**Exercise instructions**
Take the material below and extract the lines from the one with "646 - Português" through the one with "(Tokyo Disney, 2008-2020s)", word for word, without pictures.

**Supplied material**
◇ ◇ ◇
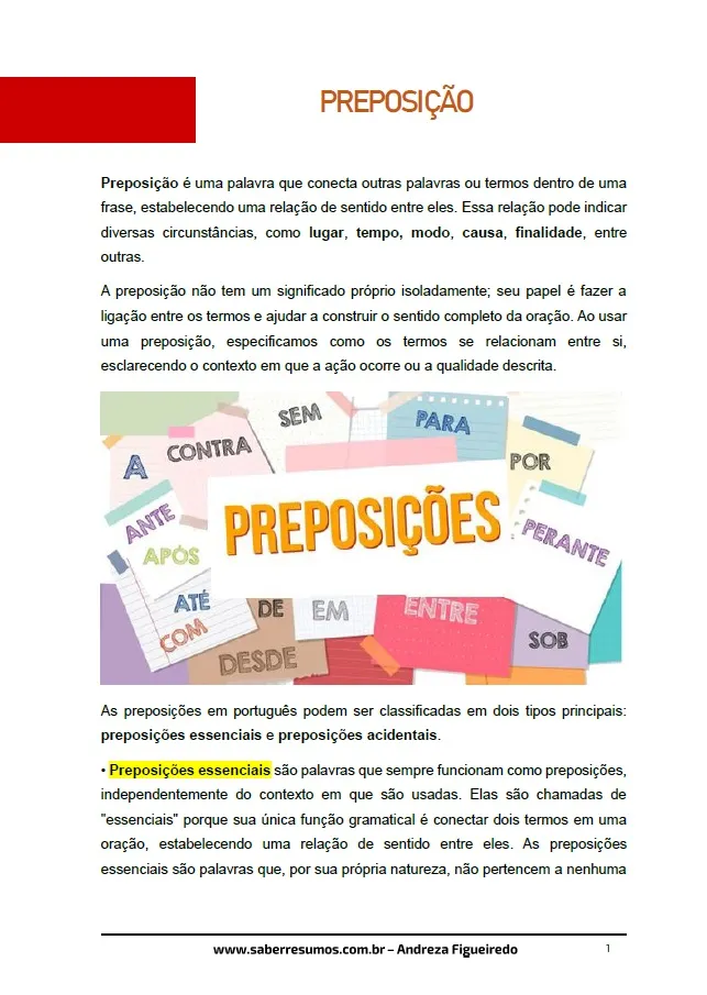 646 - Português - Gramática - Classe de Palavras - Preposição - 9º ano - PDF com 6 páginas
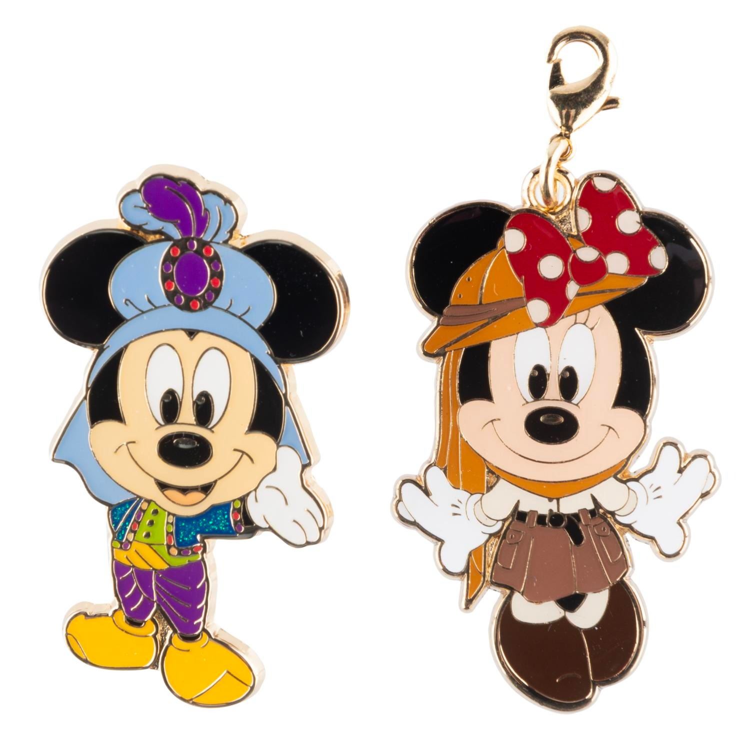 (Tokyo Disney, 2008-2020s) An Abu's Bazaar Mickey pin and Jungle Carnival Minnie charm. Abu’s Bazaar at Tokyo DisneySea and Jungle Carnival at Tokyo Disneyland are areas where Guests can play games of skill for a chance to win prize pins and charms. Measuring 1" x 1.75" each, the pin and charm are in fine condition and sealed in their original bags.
◇ ◇ ◇
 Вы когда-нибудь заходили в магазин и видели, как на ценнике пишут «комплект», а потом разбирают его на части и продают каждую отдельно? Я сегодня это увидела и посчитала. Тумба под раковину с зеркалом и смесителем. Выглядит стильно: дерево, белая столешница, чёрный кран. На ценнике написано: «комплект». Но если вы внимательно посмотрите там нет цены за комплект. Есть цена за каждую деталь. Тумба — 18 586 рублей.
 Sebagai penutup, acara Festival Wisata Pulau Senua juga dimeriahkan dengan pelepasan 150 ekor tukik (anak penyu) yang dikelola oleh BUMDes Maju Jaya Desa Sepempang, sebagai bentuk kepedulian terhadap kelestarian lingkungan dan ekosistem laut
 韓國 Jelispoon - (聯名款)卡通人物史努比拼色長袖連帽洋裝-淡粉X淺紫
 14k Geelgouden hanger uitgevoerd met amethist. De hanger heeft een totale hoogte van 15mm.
◇ ◇ ◇
**Response to the exercise**
 646 - Português - Gramática - Classe de Palavras - Preposição - 9º ano - PDF com 6 páginas
 (Tokyo Disney, 2008-2020s) An Abu's Bazaar Mickey pin and Jungle Carnival Minnie charm. Abu’s Bazaar at Tokyo DisneySea and Jungle Carnival at Tokyo Disneyland are areas where Guests can play games of skill for a chance to win prize pins and charms. Measuring 1" x 1.75" each, the pin and charm are in fine condition and sealed in their original bags.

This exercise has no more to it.